**** Data block ****
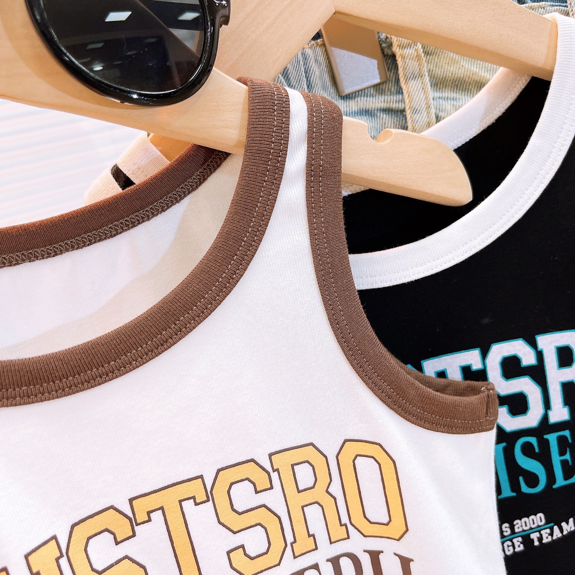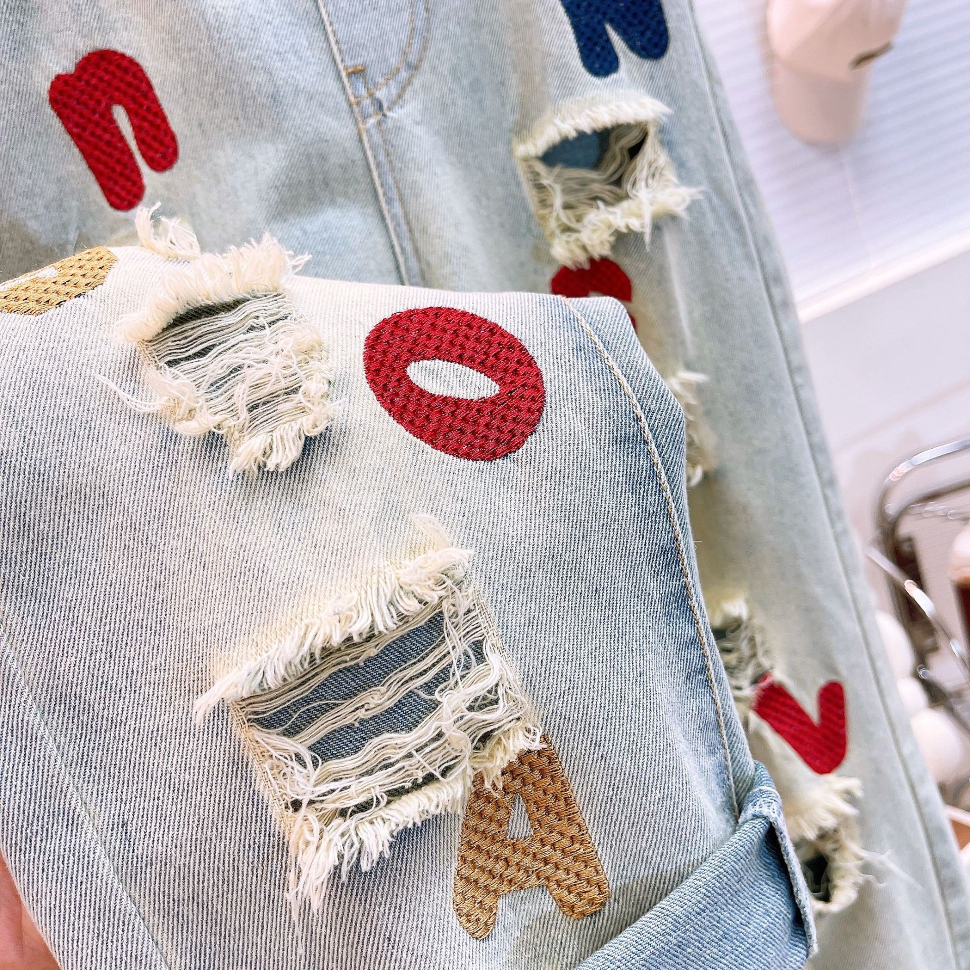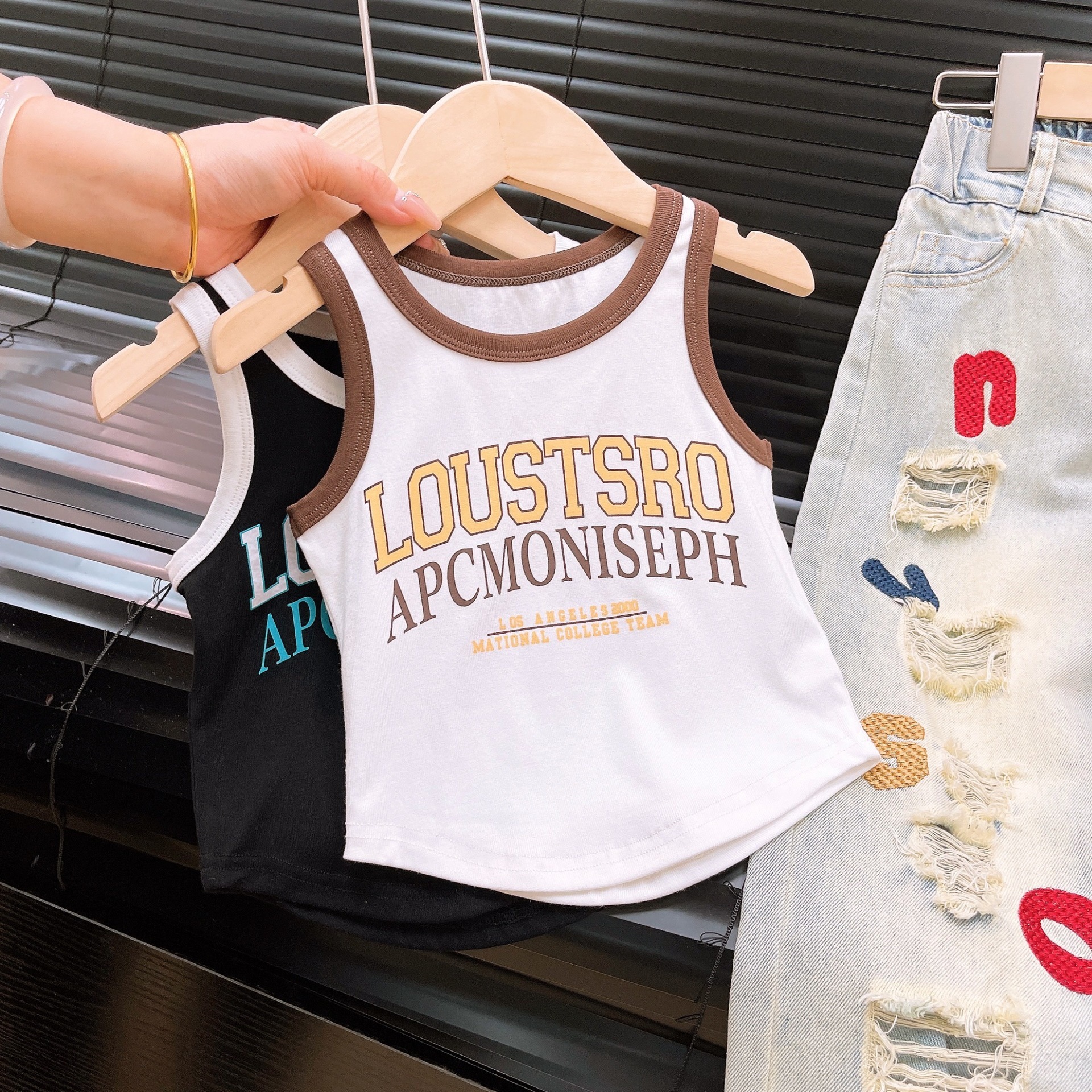 Ancorelala2025 봄 여름 여아 정장, 큰 아동 패션 티셔츠와 구멍 뚫린 문자 자수 청바지스토어 가기
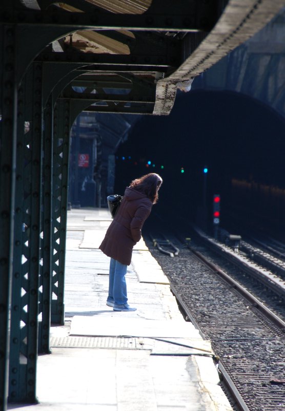 Dyckman St (1). Woman looking into tunnel for oncoming train. Photo taken by Brian Weinberg, 3/2/2008.
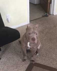 He has clipped ears and a white spot on his chest and back left paw and a dry patch on his tail and front leg
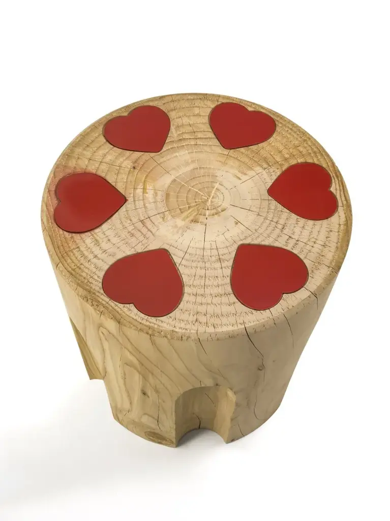 Sparacuori is a stool in solid, scented cedar, made in a single block, a symbolic representation of the cylinder of a revolver that, instead of harmful bullets, shoots romantic red hearts. The products are made from completely natural wood hand-finished without the addition of any treatment. Movements, cracks and changes in the appearance of the wood are intrinsic characteristics of these items and result from the natural settlement and diverse environmental conditions.AVAILABLE FINISHESA7: cedarA9: cedar contract finish, vulcano cedarB2: lacquered iron: irondust, RAL (only selected colours)
****
* Assignment
Return all the data above as written, leaving out only the pictures.

* Written response
 Ancorelala2025 봄 여름 여아 정장, 큰 아동 패션 티셔츠와 구멍 뚫린 문자 자수 청바지스토어 가기
 Dyckman St (1). Woman looking into tunnel for oncoming train. Photo taken by Brian Weinberg, 3/2/2008.
 He has clipped ears and a white spot on his chest and back left paw and a dry patch on his tail and front leg
 Sparacuori is a stool in solid, scented cedar, made in a single block, a symbolic representation of the cylinder of a revolver that, instead of harmful bullets, shoots romantic red hearts. The products are made from completely natural wood hand-finished without the addition of any treatment. Movements, cracks and changes in the appearance of the wood are intrinsic characteristics of these items and result from the natural settlement and diverse environmental conditions.AVAILABLE FINISHESA7: cedarA9: cedar contract finish, vulcano cedarB2: lacquered iron: irondust, RAL (only selected colours)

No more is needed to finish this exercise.